Manual de instrucciones para romper un país

No sé ustedes, pero yo tuve la suerte de crecer en la Avellaneda de los 60. Era la ciudad andrajosa del blues de Manal ("Vía muerta, calle con asfalto siempre destrozado…"), pero era también el corazón de la Argentina industrial todavía vital y progresista en serio ("Y los obreros, fumando impacientes, a su trabajo van…"). Un país cuyo mejor intento de dejar atrás la proscripción del peronismo había fracasado con el golpe de Estado contra Illia que en 1966 dio el Partido Militar con apoyo del general Perón y la burocracia sindical justicialista. Nadie puede quitarle al peronismo esa responsabilidad, omnipresente en los documentos de la época; pero no estaba solo. También la clase media y las usinas periodísticas y culturales participaron activamente de aquel golpe siniestro que terminó con la última Argentina razonable. Yo tenía nueve años y en el micro escolar que nos llevaba de vuelta a casa desde el Normal de Avellaneda cantábamos una canción aprendida en nuestras casas que se burlaba de "la tortuga Illia". La democracia y sus instituciones republicanas no eran de nuestro interés.

Es cierto, la Argentina de 1960 no era ya la Argentina de la primera mitad del siglo XX, que rankeaba entre los diez países más ricos del mundo, gozaba de la mejor educación, la mejor legislación social y las mejores condiciones de vida de toda Latinoamérica y era un imán de atracción para millones de emigrantes europeos que preferían Buenos Aires a Nueva York. Pero era todavía una Argentina pujante, con ascenso social y una extendida clase media, niveles de pobreza y desocupación que rondaban el 5%, educación pública de primer nivel, trenes que cubrían todo el territorio y universidades que parían premios Nobel.

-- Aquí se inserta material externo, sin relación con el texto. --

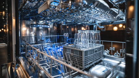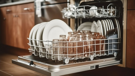 Modern dishwasher with clean glasses and tableware inside. Efficient household appliance for easy dishwashing, ensuring hygiene and convenience. Eco-friendly technology saving time, water, and energy in the kitchen.

Fue por entonces, en 1968, cuando apareció una película decisiva en el curso de los acontecimientos: La hora de los hornos, de Octavio Getino y Pino Solanas. En sus imágenes, hoy disponibles en internet, nada diferencia aquella Argentina de los 60 de los países africanos. Con una capacidad de artística inversamente proporcional a su honestidad ideológica, Getino y Solanas pintaron una Argentina abominable, un país indigno que todo argentino de bien estaba llamado a romper. Su capítulo más significativo, "La violencia cotidiana", enuncia las razones por las cuales era imprescindible una revolución. Mientras circulan por las pantallas imágenes de gente viviendo miserablemente y suena una música africana, el locutor en off enuncia: "El 75% de los...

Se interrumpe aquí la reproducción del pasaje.